INFORMATION SHOWN:
+++
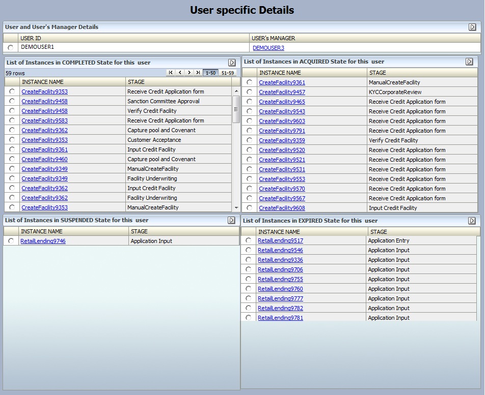 Click on the user ID to view the user specific details. The user specific details includes the number of tasks acquired, completed, expired and suspended by the user and the supervisor.
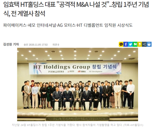 임효택 HT홀딩스 대표 "공격적 M&A 나설 것"..창립 1주년 기념식, 전 계열사 참석
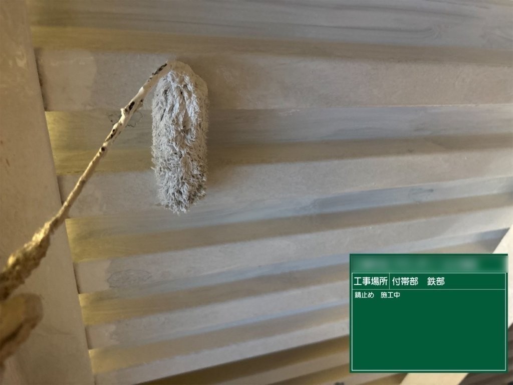 ケレン後は、ローラーと刷毛を使い分けながら錆止め塗料を鉄部全体へ塗布します。
+++
TRY IT:
The lines above should be transcribed exactly, with every image removed.

RESPONSE FOR THIS EXERCISE:
 Click on the user ID to view the user specific details. The user specific details includes the number of tasks acquired, completed, expired and suspended by the user and the supervisor.
 임효택 HT홀딩스 대표 "공격적 M&A 나설 것"..창립 1주년 기념식, 전 계열사 참석
 ケレン後は、ローラーと刷毛を使い分けながら錆止め塗料を鉄部全体へ塗布します。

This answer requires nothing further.